Here is my solution that doesn't pass the performance requirements. As far as I can tell it is similar to other solutions I have looked up:

function solution(A) {
    let slice = A.slice(1,A.length);
    let firstSliceSum = A[0];
    let lastSliceSum = slice.reduce((a, b) => a + b);
    let smallestValue = Math.abs(firstSliceSum-lastSliceSum);
    for(let i=1;i<A.length-1;i++){
        let shift = slice.shift();
        firstSliceSum=firstSliceSum+shift;
        lastSliceSum=lastSliceSum-shift;
        let diff = Math.abs(firstSliceSum-lastSliceSum);
        if(diff<smallestValue)smallestValue=diff;
    }
    return smallestValue;
}

It just has one for loop that iterates the elements, not counting the initial "reduce" function. I have seen similar Java solutions that are supposed to pass with 100%. Link to the challenge : https://app.codility.com/programmers/lessons/3-time_complexity/tape_equilibrium/

Answer 1

A couple of issues here.

• As pointed out, you are using shift() inside a loop which has a time complexity of O(n). ultimately making your code O(n²).
• Second, you are considering the first index 0 sum as well whereas the constraints mentioned say for any 0 < P < N.

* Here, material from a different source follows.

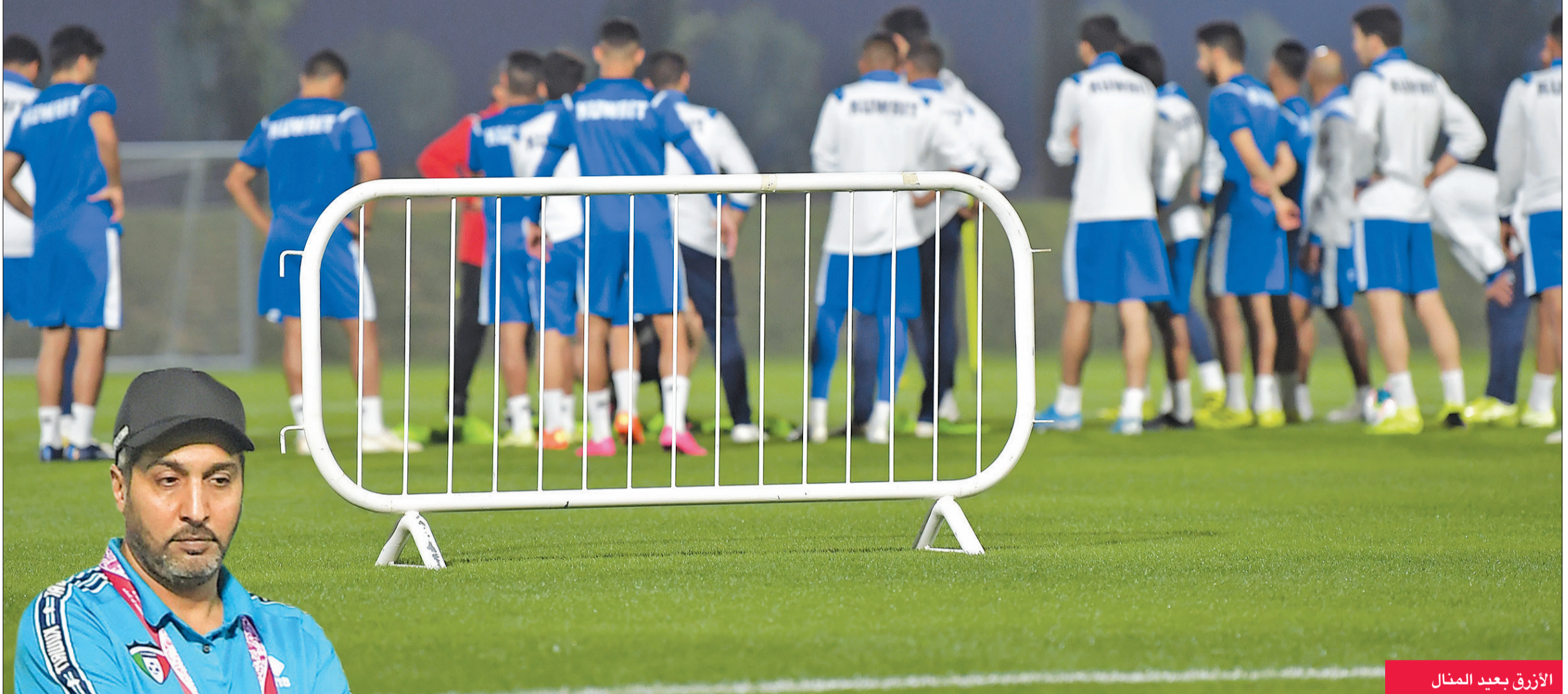
الأزرق بعيد المنال

Quoting from the problem statement mentioned there:

Any integer P, such that 0 < P < N, splits this tape into two non-empty parts: A[0], A[1], ..., A[P − 1] and A[P], A[P + 1], ..., A[N − 1].

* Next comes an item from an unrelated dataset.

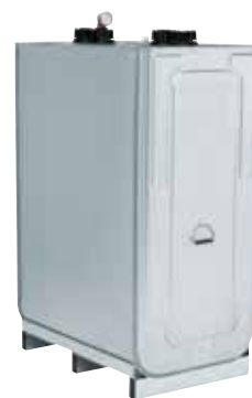
Vitoset Doppelwandtank DWT

• So you will have to calculate from 1 till A.length-1.

Snippet:

function solution(A) {
  let slice = A.slice(1, A.length);
  let firstSliceSum = A[0];
  let lastSliceSum = slice.reduce((a, b) => a + b);
  let smallestValue = -1;
  for (let i = 1; i < A.length; i++) {
    let diff = Math.abs(firstSliceSum - lastSliceSum);
    if (smallestValue == -1 || diff < smallestValue) smallestValue = diff;
    firstSliceSum += A[i];
    lastSliceSum -= A[i];
  }
  return smallestValue;
}

console.log(solution([3, 1, 2, 4, 3]));

• In the above(correct code), we initialize the smallestValue to -1 as absolute value can't go negative.
• In the loop, we avoid .shift() and just take the differences of firstSliceSum and lastSliceSum.
• Later, we reduce A[i] from lastSliceSum and add it to firstSliceSum as we need to consider A[i] for next upcoming split and remove it from right part of the split.